Tackling Fraud Head-On
As an executive, your main priority is your company’s performance and success rate. Why would you want to leave fraud detection to chance? Get ahead of the fraudsters and schemers with a proactive fraud detection approach that uses concept tagging to identify the 3,000+ keywords and phrases. The databahn Concept Tagging API can be used to pinpoint the exact emails containing the nefarious communications.
I’ve said in my previous post that you are sitting on top of an e-mail gold mine. This is a compilation of all interactions your salespeople and customer service agents have had with customers and prospects. You’re looking at potentially 100s of thousands or millions of e-mails. Using e-mail mining and concept tagging, you can tag or red flag concerned emails by inputting some of the thousands of words and phrases associated with fraudulent activity. These include “cover up”, “write off”, and “off the books”, just to name a few. This will allow you to pinpoint these key terms throughout the email text.
You can detect fraud and other suspicious activities by compiling and sifting through the unstructured data (i.e. emails), distinguishing and separating the fraudulent content from the ordinary emails. This allows you to uncover the destructive activities and communications as they’re happening… not once they’ve happened (it’s too late!). The truth of the matter is that anyone could be involved in fraud – even the people you trust the most. This includes employees, managers, and executives. It may hurt to discover someone that has betrayed your trust, but it’s better than feeling the pain financially.

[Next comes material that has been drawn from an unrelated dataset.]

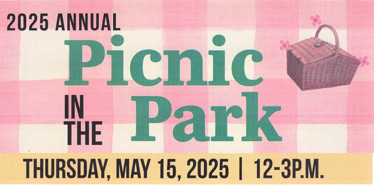 2025 Annual Picnic in the Park: Thursday, May 15, 2025 12noon – 3pm.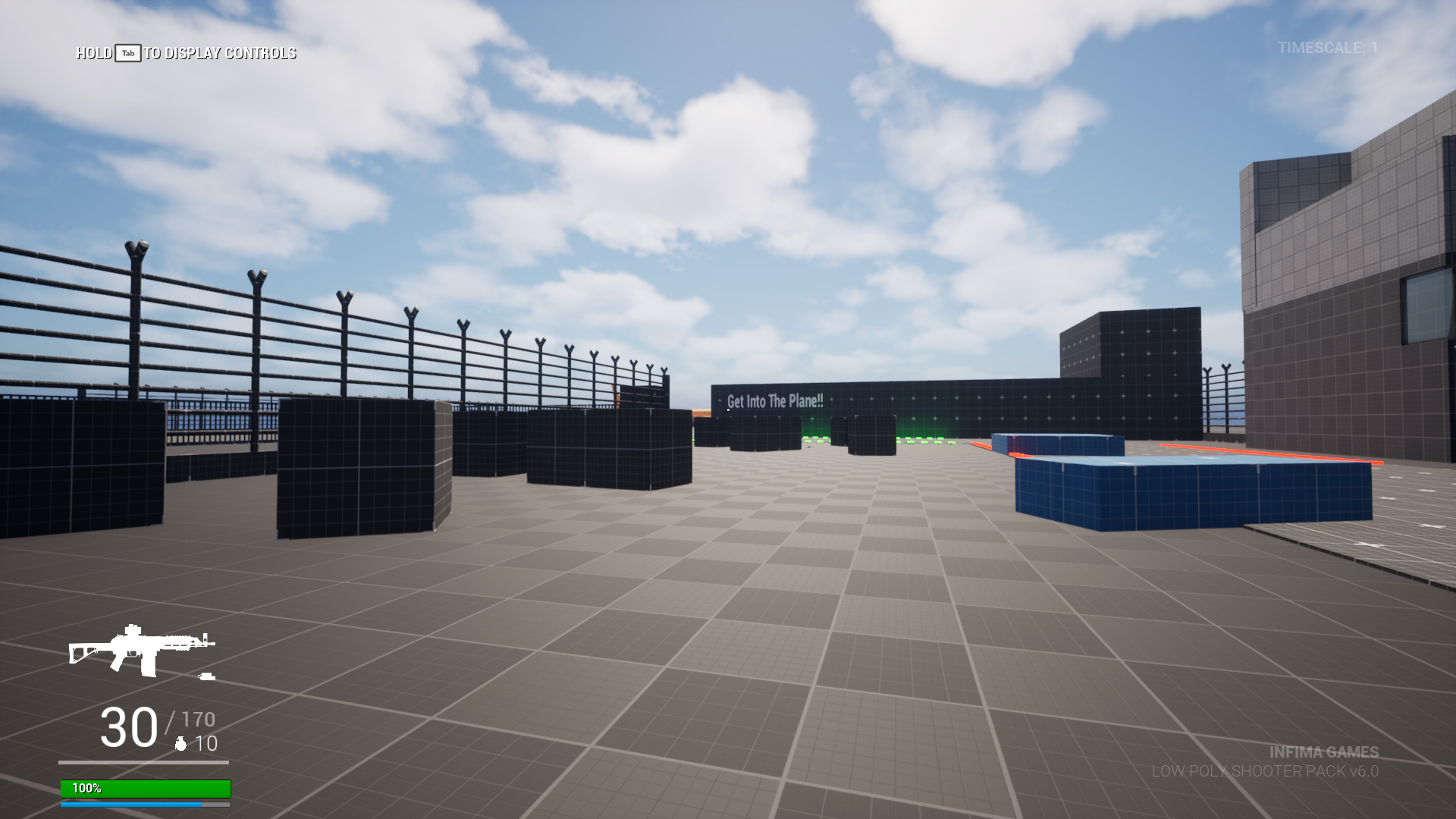 The final stage the plater must fight through the tarmac where enemies can be hiding behind any of the boxes. This moment is meant to raise tention to the max due to being in the open and not knowing where anyone can be. The green lights on the tarmac are meant to clearly show the player where they should head to so they dont feel lost or overwhelemed.

Identifying The Perpetrator
You’ve probably heard the saying “keep your friends close, and your enemies closer.” Before you jump to the conclusion that your nemesis is the newest person on your sales team, the perpetrator could be closer than you think. Get this – the longer a scheming employee works for you, the more money will be lost. And you shouldn’t be quick to dismiss your precious salespeople. In fact, a recent study showed sales and customer service were two of the six departments that combined accounted for 77% of all losses. Isn’t that disconcerting?
You need to think about taking a proactive fraud detection approach to effectively prevent financial loss. Why do you need it? Because your bottom line depends on it.